Great Desire
No wonder so few of us had a weight problem. You had to really WANT to cook.
I hated chopping wood, most, of all the chores I had to do. Once, I chopped my hand, on purpose, to get out of chopping wood. I was 10 and it didn't take long to figure out I couldn't chop my hand everytime it was my turn. This was long before I knew anything about sporting wood. I digress. Anyone here surprised?
I enjoyed cooking with a wood stove. Every heat you wanted was ready and waiting. You just moved the pan further away from the fire box to get lower heat. I never found a cookbook, with illustrated cooking positions.
It wasn't the chores or the wood. It was that we poor and everyone knew it.
I was embarrassed everytime the school bus pulled up in front of our house. Every experience, in school continued to draw camparisons about my status and the other kids.

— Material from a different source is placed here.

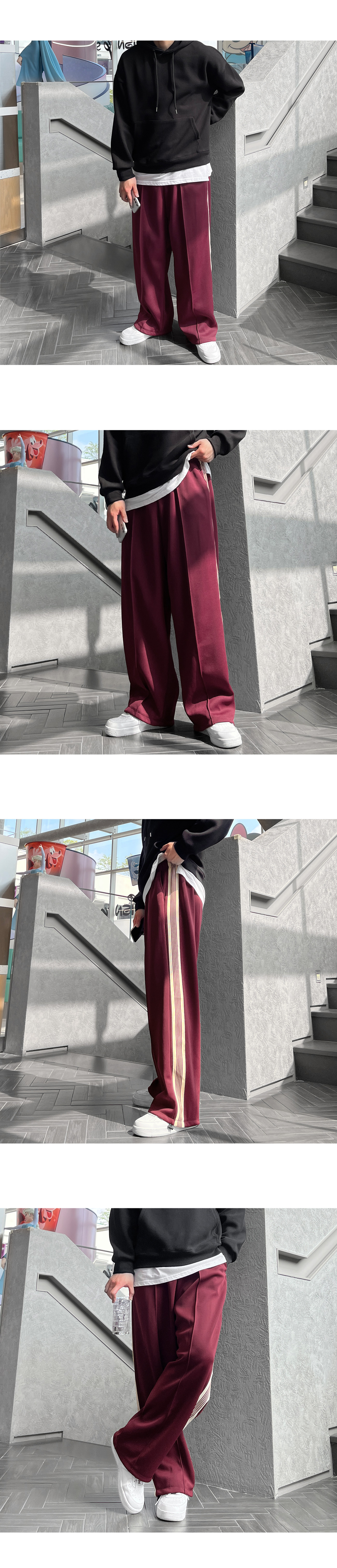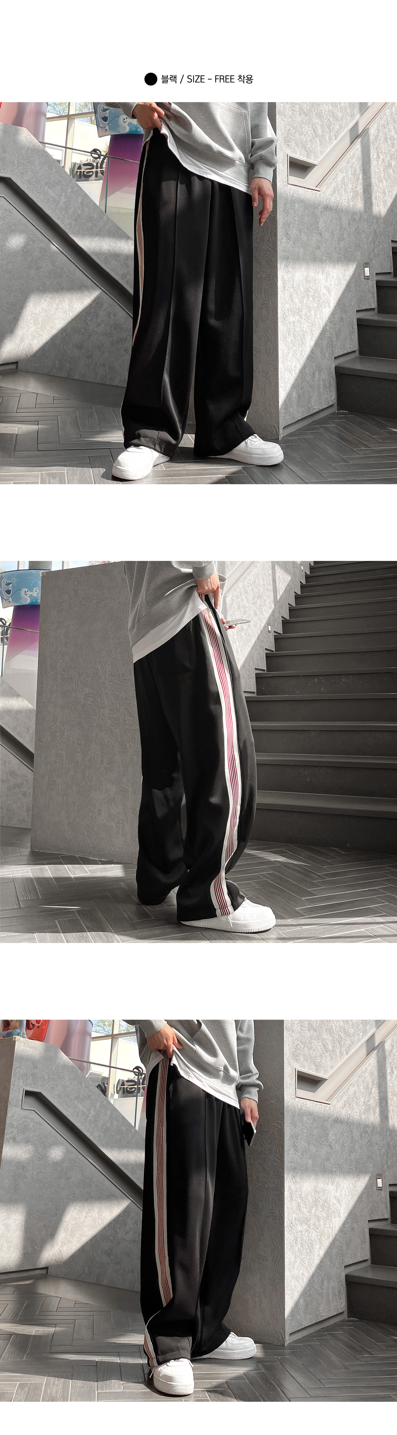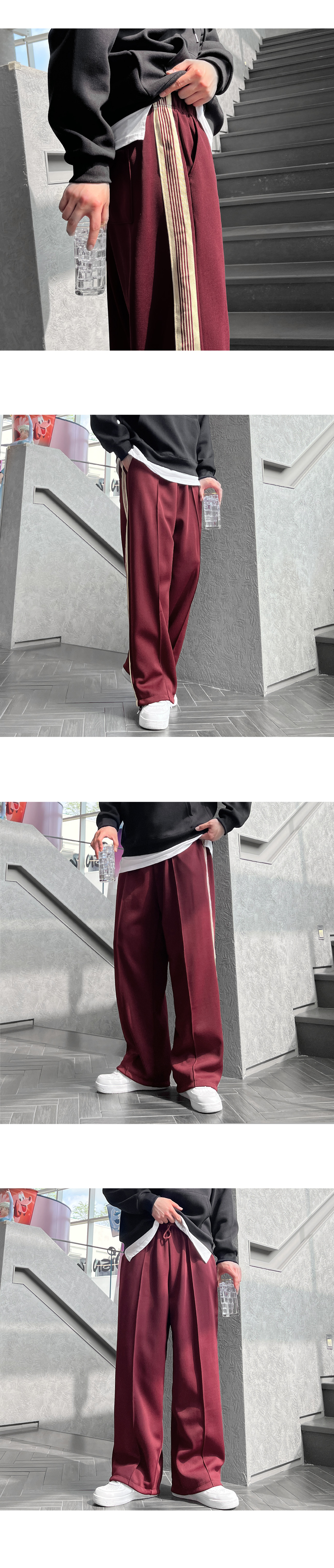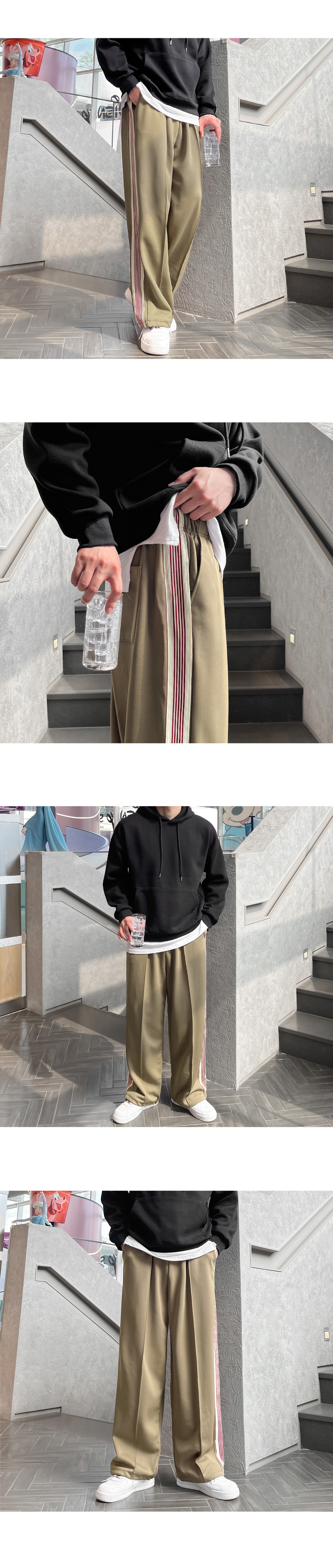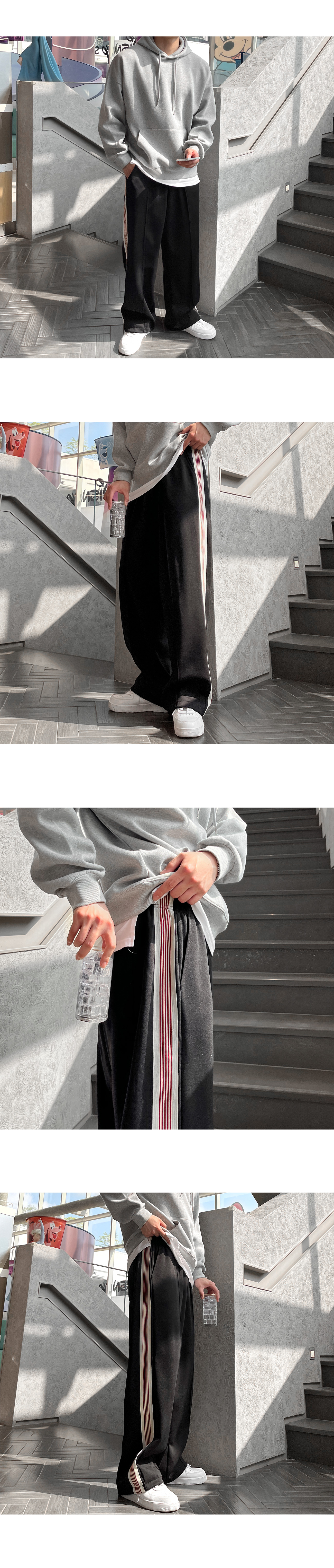 사이드 레드 테잎 트랙 2WAY 스판 와이드 팬츠

My friends were the other poor kids and the ones who moved from other places. The unwanted.
There we 27 kids in my class and it remained a static number until we went to high school in a bigger town. Our school was grades 1 - 8.
Kids are cruel because they don't know any better. The bad part is they repeat what they hear their parents say and that, is harder to walk away from.
Add to that, I was a fledging queer and didn't know it, loved appliances and cooking, made my father's stomach turn, got daily beatings when I was caught doing anything housewifish. The coup de grace was that everywhere I went and everyone who came to our house got grilled on the nuances of their washing machine.
I studied the mannerism, speech patterns and behaviors of every one around who I wanted to be like. I wanted to have manners, a vocabulary and my greatest desire was a house with a thermostat on the wall!
When I went to college, I tasted my first avocado, mushroom, seafood and was exposed to way of life I could never have imagined.
I have used many vehicles to support myself, but it was secondary to seeing the uniquness in each person I met and giving them the insight to see it and tools to nourish it. I helped them to rejoice in the individual uniqueness of who they were. Teaching brought me 230 new opportunities with each new year,
It took me 53 years to acknowledge I could participate as well. The honesty and healing, for me began and three years later,
I cannot begin to express how much I am enjoying life.
I finally found love, but to do it, I had to love me first, since that's where it resides.
Now do you begin to grasp what you all mean to me?